Title

Impact of culture positive samples on goat milk composition

Document Type

Abstract

Publication Date

2019

Location

2019 American Dairy Science Association Annual Meeting: Cincinnati, Ohio

Publisher

American Dairy Science Association

Journal

Journal of Dairy Science

Volume

102

Issue

1

Pages

249

Language

en.

Keywords

milk, composition, goat

Abstract

The dairy goat industry is growing worldwide to meet the increased demand for milk and artisanal cheeses. Challenges to produce milk with quality exist due to the impact of microorganism causing intramammary infection (IMI). Milk culture stills a good alternative to monitor mammary gland health status. However, caution should be taken when interpreting the results in goats and its implications on milk characteristics. Thus, the aim of this study was to better understand the impact of an IMI on goat milk quality and composition. A total of 98 milk samples from 49 goats were used. Two simultaneous sterile samples of milk (15 mL) were collected from each half to perform microbiological culture and milk composition. Culture was performed streaking 10 µL of milk onto 5% sheep blood agar, incubated at 37°C for 24/48h and species identification made through MALDI-TOF. Milk composition (protein, fat, lactose, casein, and SCC) for each udder half was performed by a service provider (Eurofins DQCI– MN) using FTIR method. Statistical analysis (considering each half as statistical unit) for milk components were performed by t-test for unequal sample size to compare the means of positive and negative samples.

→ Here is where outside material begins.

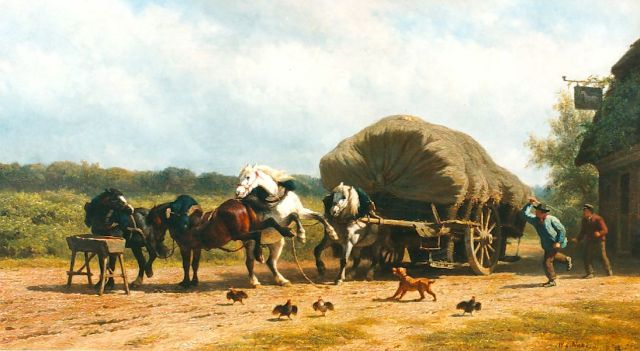 Willem Carel Nakken | Feeding the horses, Öl auf Leinwand, 45,0 x 80,0 cm, signed l.r.

The SCC was transformed to linear score. Milk culture revealed 73 negative samples and 25 positive samples as follow: S. simulans (11), S. aureus (4), S. chromogenes (3), Bacillus spp. (3), S. epidermidis (2), S. caprae (1), and S. warneri (1). For milk composition, culture negative samples contained 0.2% more (P < 0.05) casein, but 0.5% less (P < 0.003) fat and less (P < 0.001) SCC (637 × 103 cells/mL) when compared with culture positive samples. No differences were observed for lactose or protein. Higher levels of fat in subclinical mastitis milk can be explained by a greater permeability of mammary gland tissue to lipids present in blood during inflammatory response or also a concentration effect. Notably, goats with subclinical mastitis can have important decrease in milk quality leading to significant losses in milk yield which has a direct impact on dairy products.